What is microcephaly? 

When a child has microcephaly, the brain develops abnormally, causing the head to be much smaller than expected for the child's age. ("Micro" means "small," while "cephaly" comes from the Greek word for "head.") Some children with microcephaly have developmental problems or learning disabilities because of a smaller brain size. Microcephaly is relatively rare, though it is estimated that—about 25,000 children in the U.S. are born with microcephaly each year.

Microcephaly is often congenital — meaning present at birth — but can also occur later during infancy. It can have several causes, from genetic problems to prenatal exposure to viruses such as Zika. For more information about the connection between the Zika virus and microcephaly, download 5 Things to Know About Microcephaly.
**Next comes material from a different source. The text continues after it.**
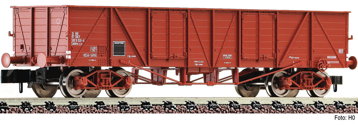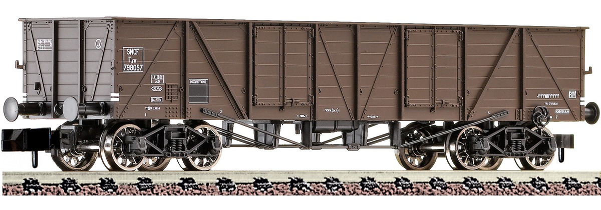 | Description | Wagon tombereau bois boggies brun UIC TP | |

While there is no specific treatment for microcephaly, early intervention (such as physical, speech and occupational therapy) can help brain connections grow.


Care for microcephaly

Boston Children’s Hospital has a long history of caring for children with brain and nervous system disorders. Clinicians in our Department of Neurology, Department of Neurosurgery, Division of Genetics and Genomics are international leaders in understanding and treating rare conditions like microcephaly. Our Fetal-Neonatal Neurology Program and Brain Development and Genetics Clinic also specializes in diagnosing, studying and managing microcephaly.

Our care also has a research component. Physicians and scientists in our Brain Development and Genetics Clinic are working hard to understand how and why microcephaly develops, in hopes of one day introducing new therapies. The clinic is actively enrolling patients to understand the effects of different genetic mutations that cause microcephaly.